Extracted executeTool() in server.ts as the shared dispatch primitive. handleToolCall() (MCP transport) becomes a thin wrapper that calls executeTool() then formats the result into the MCP content envelope (preserving the download_attachment resource special-case). runCall() in the CLI calls executeTool() then writes raw JSON to stdout.
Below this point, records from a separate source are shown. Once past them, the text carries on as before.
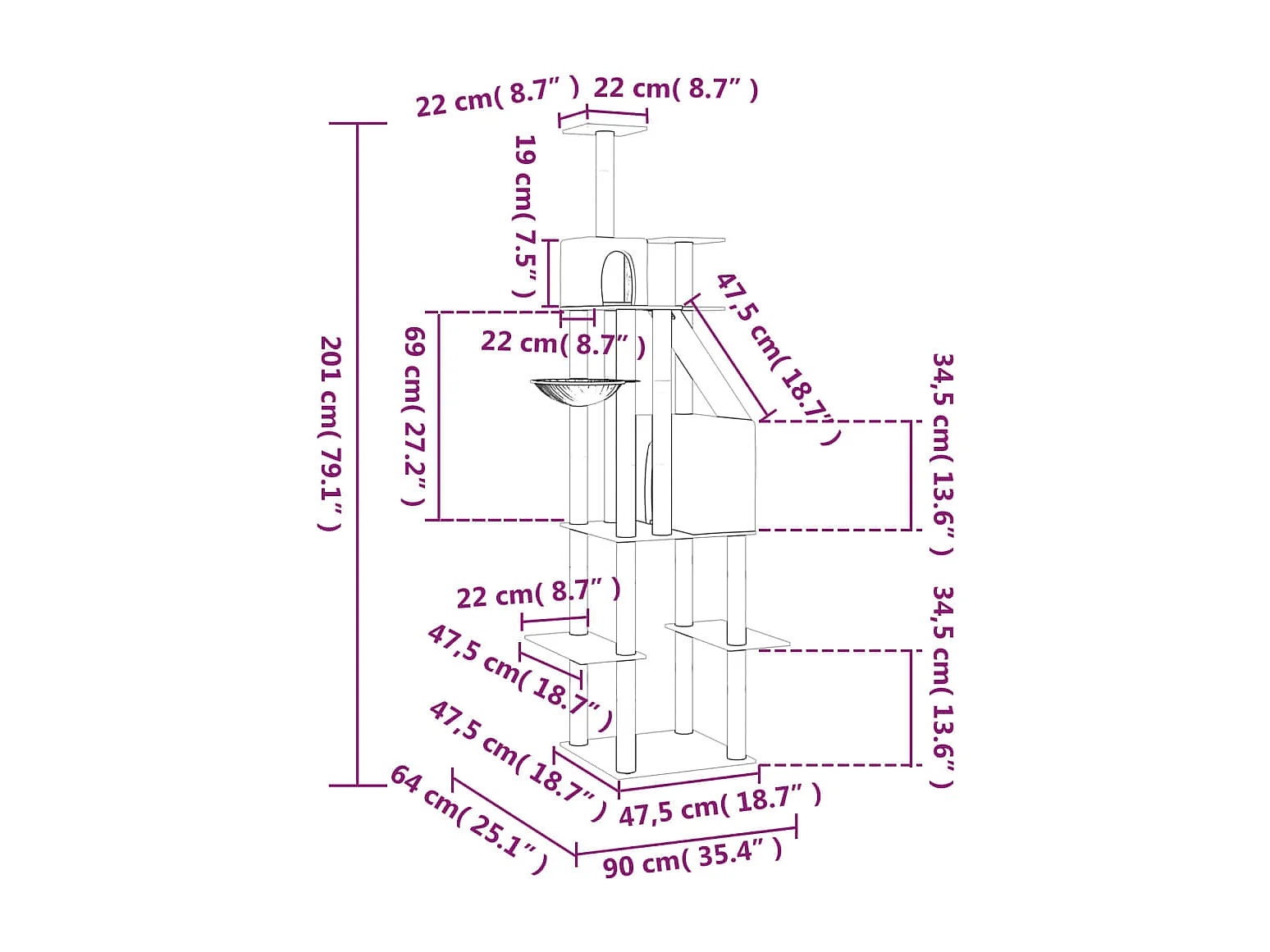 Katzenbaum mit Sisalkratzbäumen Creme 201 cm
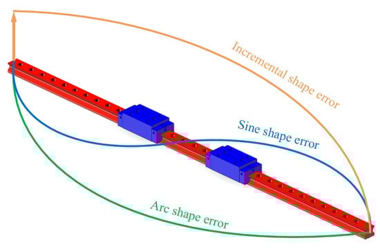The formulas for positive and negative arch-shaped errors of the guideway are as follows (Equations (4) and (5)).
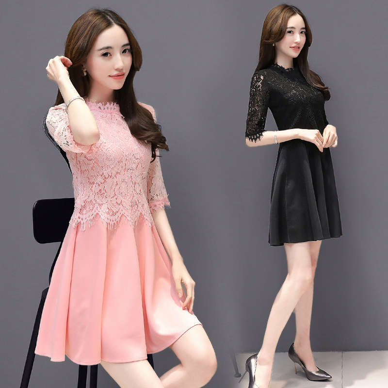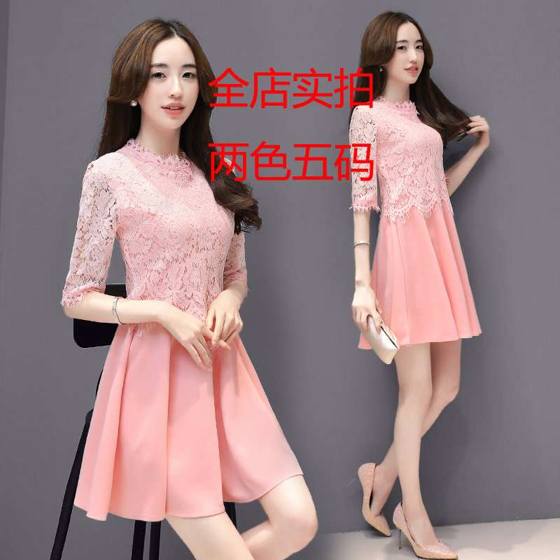 / 夏裝新款蕾絲連衣裙中裙長袖韓版時尚五分袖修身顯瘦假兩件女
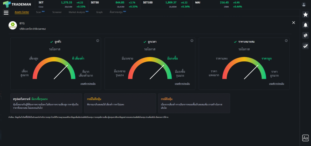⚠️ ข้อสังเกต การใช้หน้า Stock Center บน Trademan ทำให้การติดตามหุ้นและวิเคราะห์หุ้นจบในหน้าเดียว ไม่ว่าจะเป็นข้อมูลหุ้น กราฟเทคนิค ข้อมูลธุรกิจ ข่าว ถ้าใช้โปรแกรมอื่นก็ต้องเปิดฟังก์ชันเพิ่มเต็มไปหมด เสียเวลาในการวิเคราะห์มากขึ้นเป็นแน่ มาพร้อมกับฟังก์ชัน Stock Analysis ที่จะช่วยวิเคราะห์หุ้นและแนะนำจุดซื้อถือขาย ประหยัดเวลาเพื่อเรื่องที่สำคัญกว่า
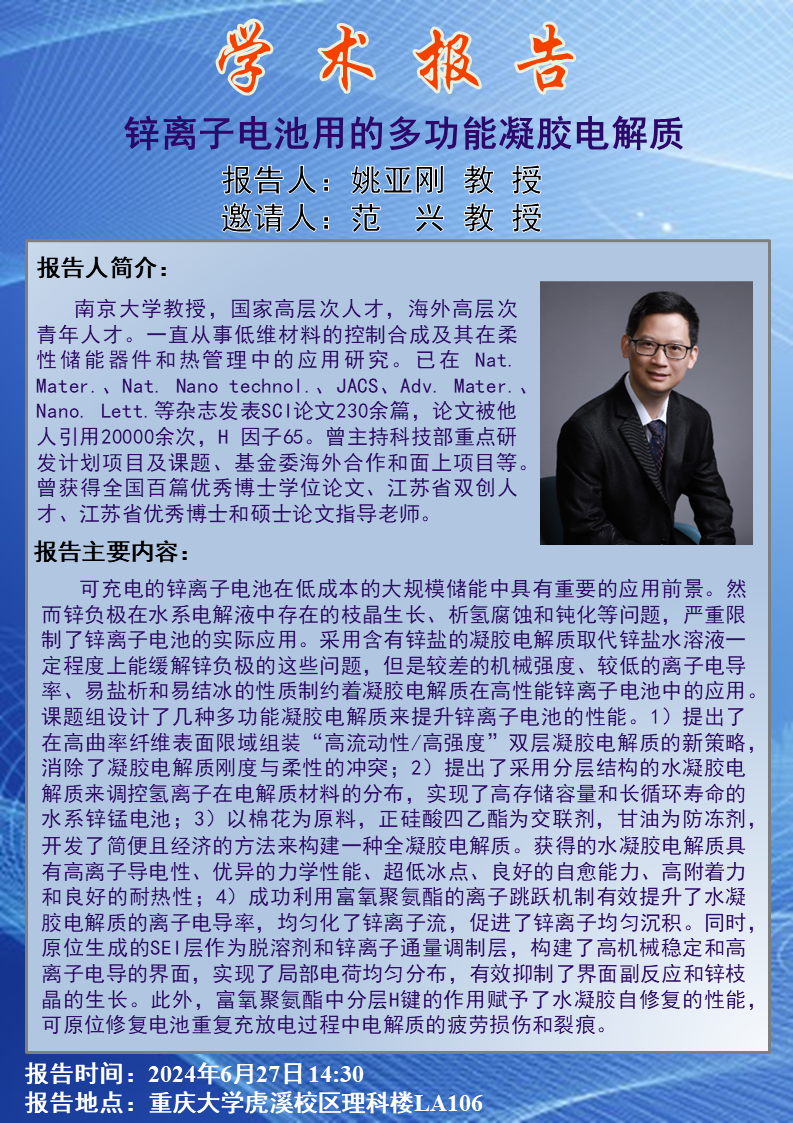 锌离子电池用的多功能凝胶电解质
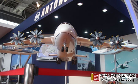安东诺夫设计局在珠海航展上展出的安-70运输机模型 内容来自中华人民共和国图鉴社
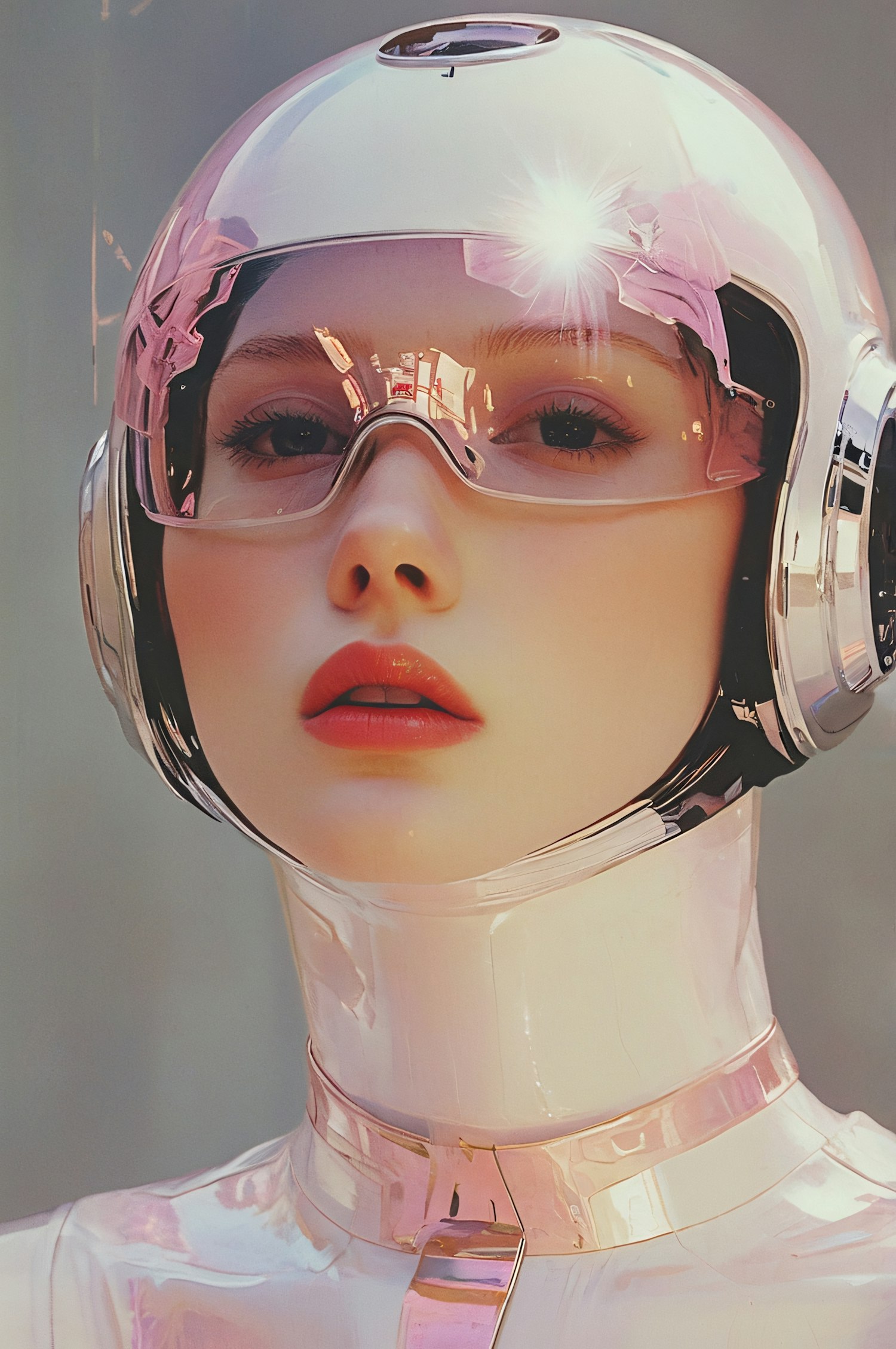 Futuristic humanoid with sleek metallic helmet and visor, blending technology and beauty in a modern, high-tech aesthetic.
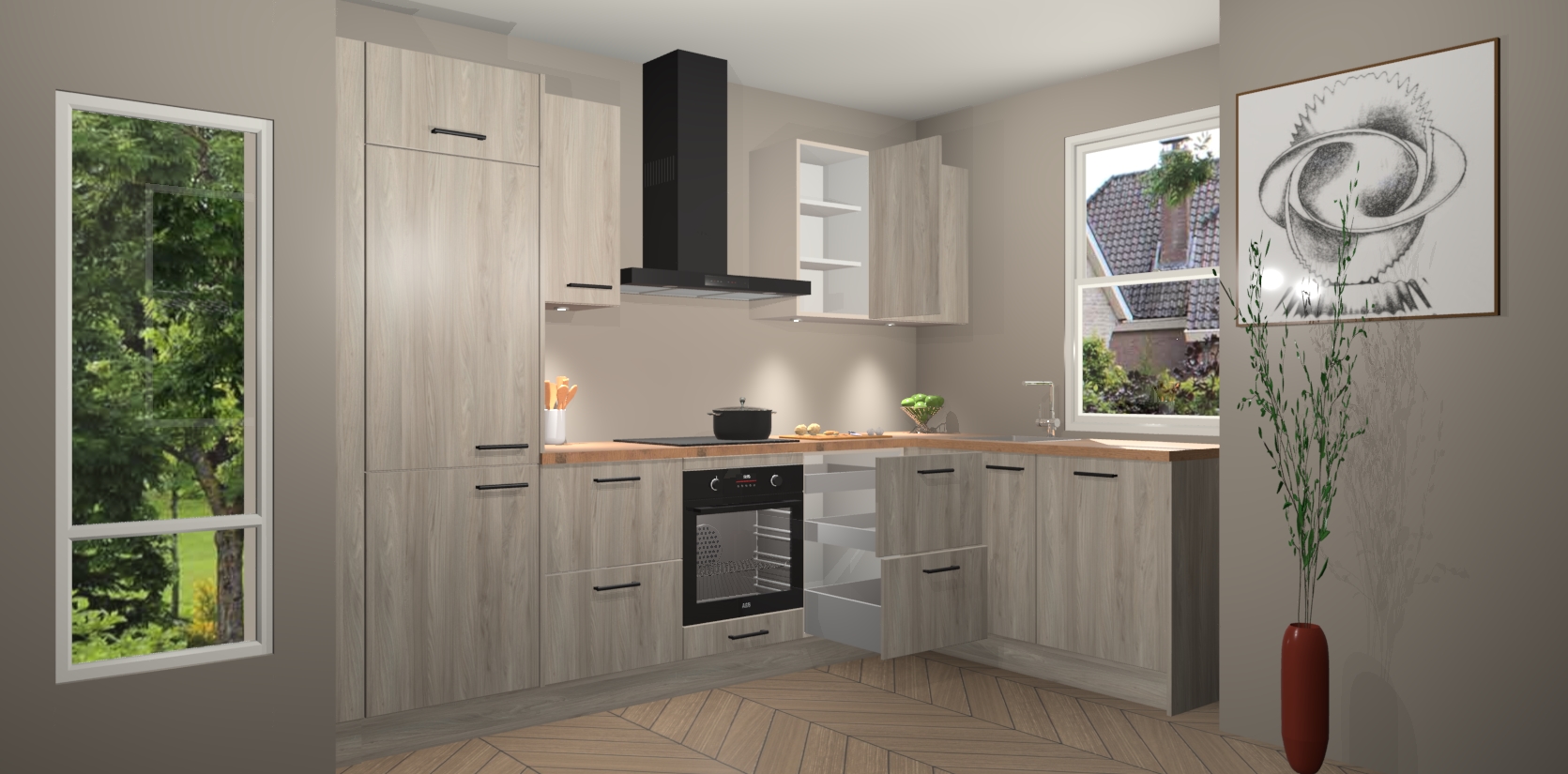 De Olm keuken Geneve is precies wat u nodig heeft als u op zoek bent naar modern design, versmolten met tijdloze schoonheid. De strakke afwerking voegt klasse toe terwijl het toch een uitnodigende sfeer behoudt; zeker om zowel gasten als uzelf te inspireren om in stijl te gaan koken! En nog beter, het zal uw budget niet breken - dus waarom wachten? Met de Olm keuken Geneve bent u verzekerd van kwaliteit zonder in te leveren op de prijs!
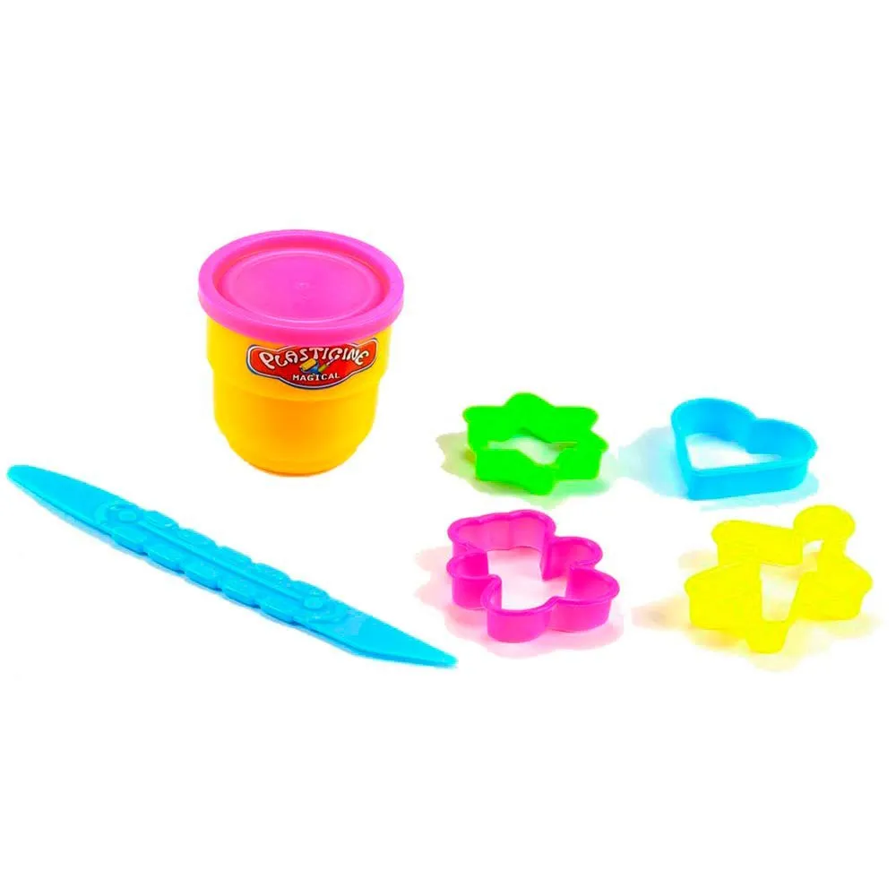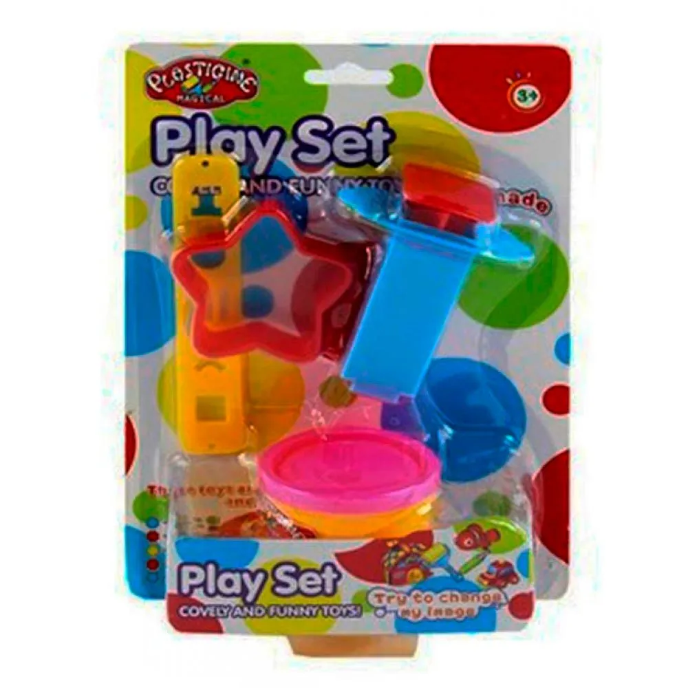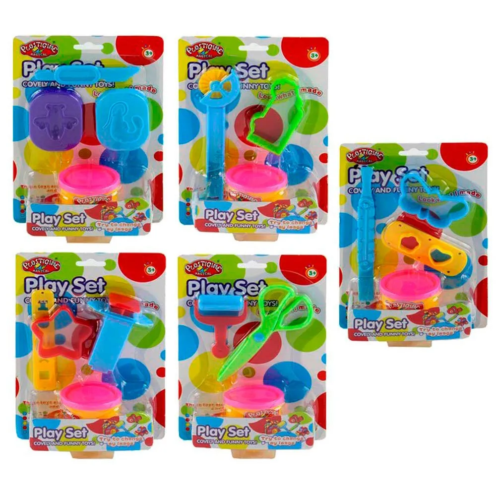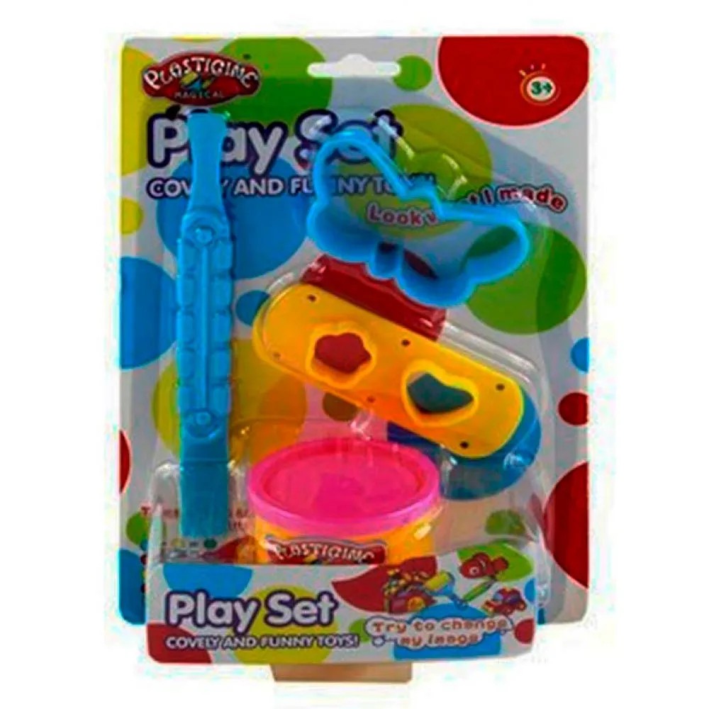Modeling set that includes a color plasticine boat and several accessories such as molds, spatula, scissors, etc.

This keeps serve and call parity by construction — they share the same action registry and the dispatch path. Only the output formatting diverges.

Differences vs. serve:

  • Eager provider init (no demo-mode fallback) — auth failures surface as exit codes instead of masquerading as connecting results
  • Snapshot allowlist (no WatchedAllowlist FS watcher in a one-shot process)

Output

  • stdout = JSON tool result (pretty-printed for TTY, compact for pipe via process.stdout.isTTY)
  • stderr = logs / errors only, so call ... | jq works
  • Exit codes:
    • 0 success
    • 2 CLI / argument / schema / unknown-tool error
    • 3 typed tool failure ({success:false,...}) or runtime throw

Out of scope (per peer review with Codex + Gemini)

  • Schema-generated per-tool flags — heterogeneous tool inputs, low ROI vs. the --args JSON path
  • JSON-RPC over stdin as a public surface — confusing UX, requires MCP envelope knowledge; keep as internal debug if useful later
  • Cross-process token-refresh locking — existing single-flight is process-local; mostly fine for read-path call invocations, low risk

Test plan

  • 5 new openspec scenarios under cli/Call Subcommand + cli/Exit Codes
  • Unit: parseCliArgs handles call / --args / --args-file / --args-stdin / --list / --schema
  • Unit: executeTool returns raw action result; handleToolCall wraps it (regression)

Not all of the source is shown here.